De polémica en polémica

Porque ha llegado un punto en el que fichar a Neymar es casarse con toda la lista de problemas que acumula temporada tras temporada. Cuando no es una cosa es otra. Neymar es más protagonista fuera de los terrenos de juego que en el césped. El último conflicto no es precisamente poco importante: una acusación por presunta violación a una chica brasileña en un hotel de París, por la que tendrá que prestar declaración esta misma semana.

Neymar ha negado los hechos y ha presentado como prueba los mensajes que se habría intercambiado con la chica a través de las redes sociales, mientras que la presunta agredida insiste en la acusación. De todos modos, el caso dio este martes un giro cuando uno de los abogados defensores renunció a representarla porque la chica, supuestamente, habría cambiado la versión: de la inicial, que hablaba de sexo consentido que acabó con violencia, a relaciones sin su permiso. El jugador y sus abogados habían pedido aplazar la declaración porque Neymar está concentrado con Brasil para disputar la Copa América, pero el juez se negó.

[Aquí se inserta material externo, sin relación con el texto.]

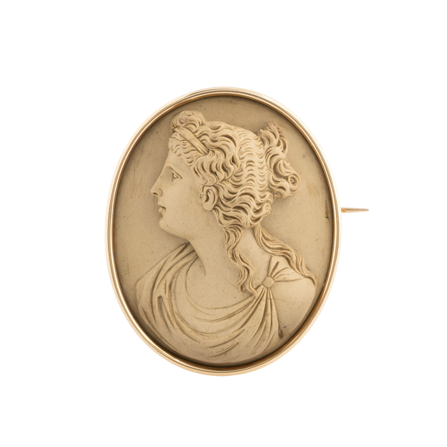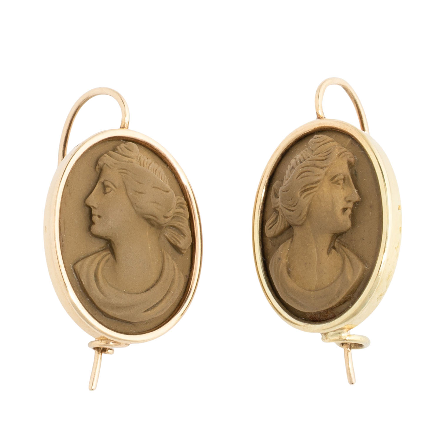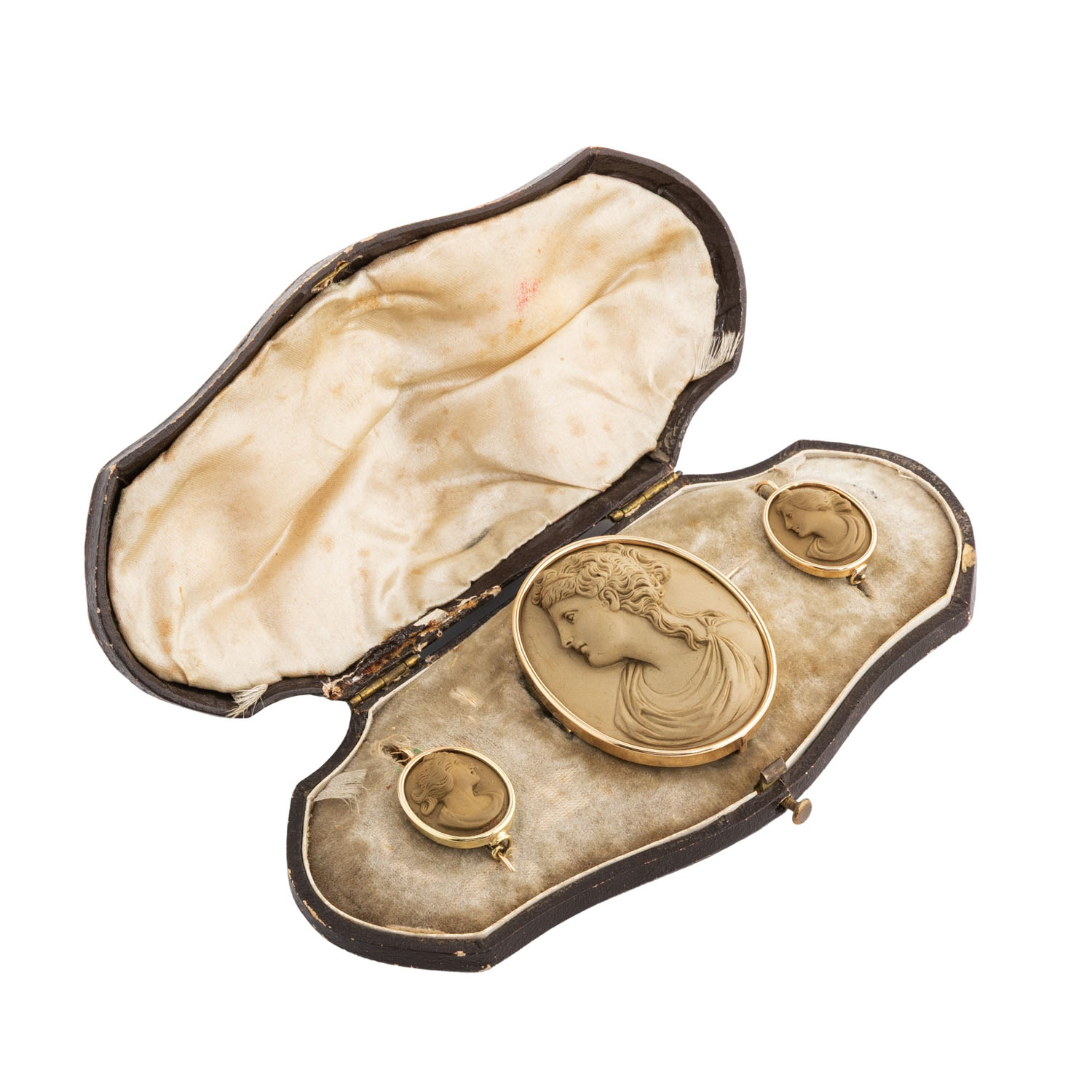 (sog. Vesuv-Lava), best. aus Brosche und Ohrhängern, 14K Gold, Brosche ca. 5 cm lang, Vermutlich Italien um 1860-1880, guter altersgemäßer Zustand, inkl. original Etui. Äußerst feine und detailgetreue Gravur einer Dame im seitlichen Halbportrait.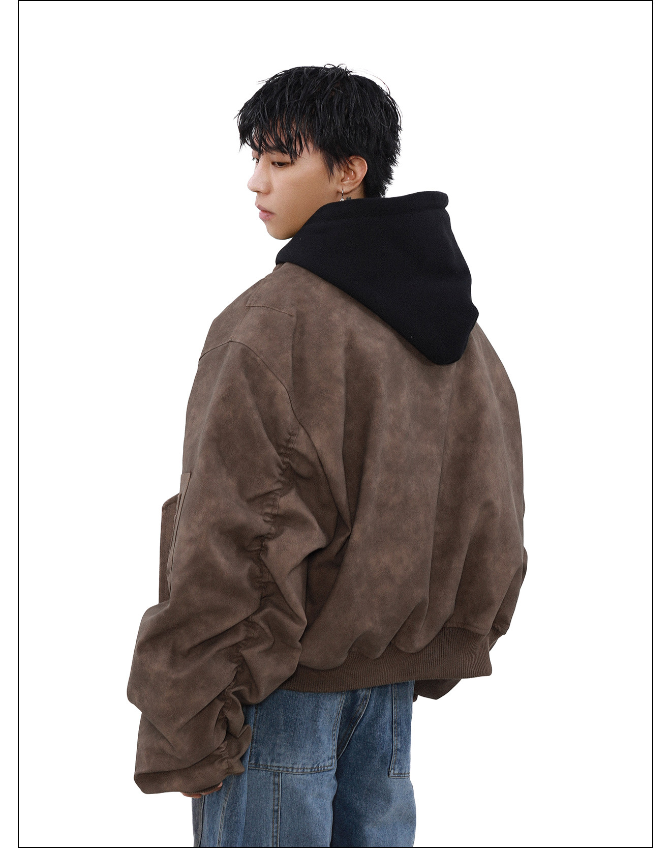 American fake two-piece jacket cotton-padded winter coat men's spring and autumn lazy style loose hooded cotton-padded coat

El futbolista está cerrando un año para olvidar: ha vivido desde el fracaso en el Mundial de Rusia —su selección cayó en los cuartos de final— hasta quedarse sin el brazalete de capitán con la canarinha en esta Copa América, que se disputa precisamente en Brasil. En medio, una sanción de tres partidos de la UEFA por haber criticado a los árbitros y otra de tres más por haber agredido a un aficionado en la final de la Copa de Francia, una pelea con su compañero de equipo Draxler y una recaída de la lesión del pie que lo dejó tres meses sin jugar con el PSG, pero que no le impidió celebrar su cumpleaños en una sala de fiestas de París. Y justo después viajó sin muletas para participar en el Carnaval de Brasil.

El Balón de Oro, muy lejos

La vida privada está asfixiando a Neymar, y ya le han detectado problemas de sobrepeso en el PSG. Un hecho alarmante, teniendo en cuenta su complexión —tiene tendencia a no engordarse—, que sería el responsable de las molestias en la rodilla que notó en la concentración del Brasil y por las que estuvo tres días de baja. Además, por culpa de las reiteradas lesiones no ha podido ayudar a su equipo en las dos eliminatorias de octavos de final de la Champions, en las que el PSG cayó eliminado, primero contra el Real Madrid (2017-2018) y este curso contra el Manchester United.

El brasileño llegaba a París para ganar un Balón de Oro que le parecía imposible en el Barça. Y en la capital francesa ha visto que ni siquiera es el mejor jugador del equipo, un honor que recae en el goleador Kylian Mbappé. Neymar ya tiene 27 años y el tiempo le está pasando a toda prisa.